YOUR INSTRUCTIONS
What is needed here is each entry reproduced exactly, without its pictures.

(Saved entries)
◇ ◇ ◇ ◇
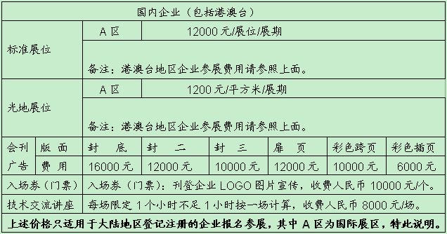 1、標準展位(3m×3m﹦9M2,配置:公司中英文楣牌、展出場地、展位地毯、三面2.5M高圍板、一張洽談桌、二把椅子、一個220V電源插座、兩支射燈。)
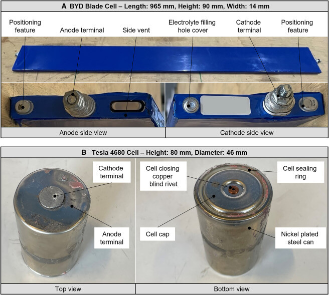 De onderzoekers namen de Tesla 4680-cel en de BYD Blade-cel onder handen. Ze analyseerden onder meer de mechanische opbouw, de samenstelling van de elektroden, het elektrische en thermische gedrag en de productiekosten van de gebruikte materialen. Een van de verrassingen was het ontbreken van silicium in de anodes van beide cellen. Dit is opmerkelijk omdat silicium vaak wordt gezien als een sleutelcomponent om de energiedichtheid van batterijen te verhogen.
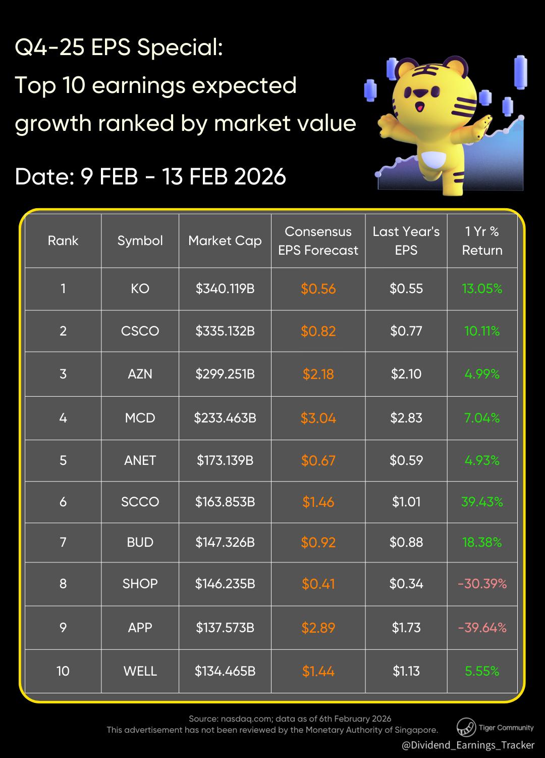 On February 9 to February 13, $Coca-Cola(KO)$ , $Cisco(CSCO)$ , $AstraZeneca PLC(AZN)$ , $McDonald's(MCD)$ , $Arista Networks(ANET)$ , $Southern Copper Corp(SCCO)$ , $Anheuser-Busch Inbev SA(BUD)$ , $Shopify(SHOP)$, $AppLovin Corporation(APP)$, $WELLTOWER OP LLC(WELL)$, $S&P Global(SPGI)$, $Vertex Pharmaceuticals(VRTX)$, $ENB$, $BP$, $AEM$, $BCS$, $MAR$, $HWM$, $SPOT$, and $WMB$ are expected to release their earnings, and consensus earnings per share forecasts are higher than data from the same period last year.
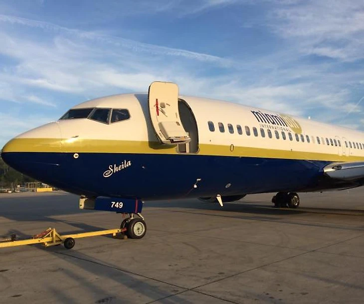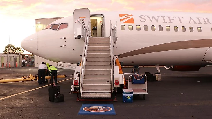 У «ураганов» контракт с Swift Air. Боинг 737 компании заснят в Калифорнии перед вылетом в Детройт.
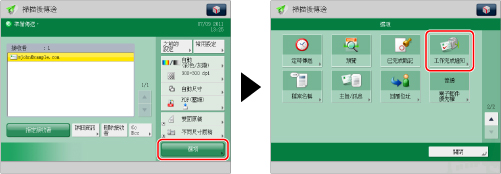若要傳送工作完成通知,需要預先將電子郵件位址儲存在「本機通訊錄」或單鍵按鈕中。
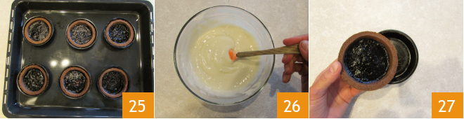 Bake the tartlets in a ventilated oven at 356°F for 20 minutes. Remove them from the oven and let them cool 25. At this point, take the cream from the refrigerator and work it with a spatula to make it creamier. Unmold the tartlets 27
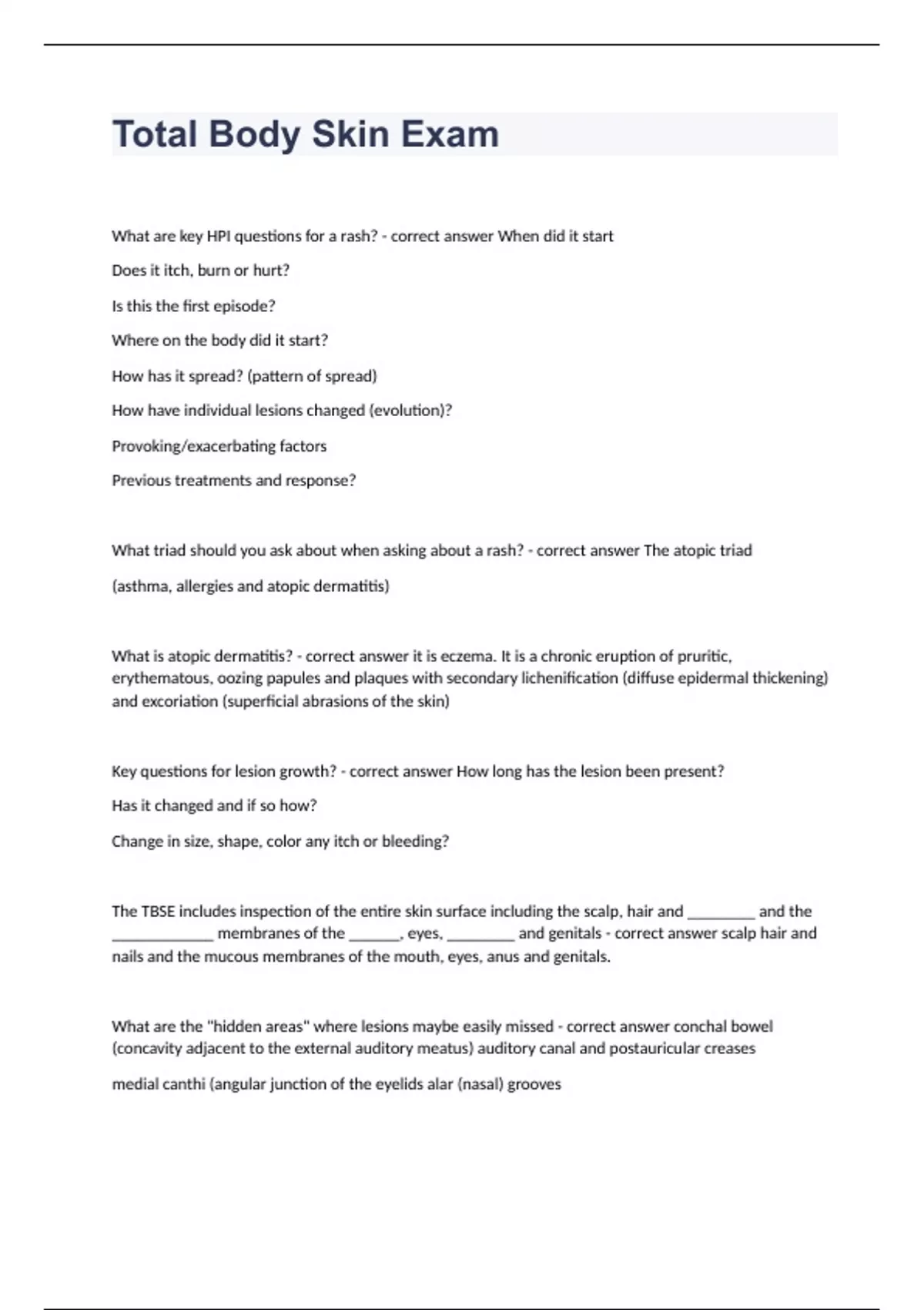 Total Body Skin Exam question n answers graded A+ 2023
◇ ◇ ◇ ◇
EXPECTED OUTPUT
 1、標準展位(3m×3m﹦9M2,配置:公司中英文楣牌、展出場地、展位地毯、三面2.5M高圍板、一張洽談桌、二把椅子、一個220V電源插座、兩支射燈。)
 De onderzoekers namen de Tesla 4680-cel en de BYD Blade-cel onder handen. Ze analyseerden onder meer de mechanische opbouw, de samenstelling van de elektroden, het elektrische en thermische gedrag en de productiekosten van de gebruikte materialen. Een van de verrassingen was het ontbreken van silicium in de anodes van beide cellen. Dit is opmerkelijk omdat silicium vaak wordt gezien als een sleutelcomponent om de energiedichtheid van batterijen te verhogen.
 On February 9 to February 13, $Coca-Cola(KO)$ , $Cisco(CSCO)$ , $AstraZeneca PLC(AZN)$ , $McDonald's(MCD)$ , $Arista Networks(ANET)$ , $Southern Copper Corp(SCCO)$ , $Anheuser-Busch Inbev SA(BUD)$ , $Shopify(SHOP)$, $AppLovin Corporation(APP)$, $WELLTOWER OP LLC(WELL)$, $S&P Global(SPGI)$, $Vertex Pharmaceuticals(VRTX)$, $ENB$, $BP$, $AEM$, $BCS$, $MAR$, $HWM$, $SPOT$, and $WMB$ are expected to release their earnings, and consensus earnings per share forecasts are higher than data from the same period last year.
 У «ураганов» контракт с Swift Air. Боинг 737 компании заснят в Калифорнии перед вылетом в Детройт.
若要傳送工作完成通知,需要預先將電子郵件位址儲存在「本機通訊錄」或單鍵按鈕中。
 Bake the tartlets in a ventilated oven at 356°F for 20 minutes. Remove them from the oven and let them cool 25. At this point, take the cream from the refrigerator and work it with a spatula to make it creamier. Unmold the tartlets 27
 Total Body Skin Exam question n answers graded A+ 2023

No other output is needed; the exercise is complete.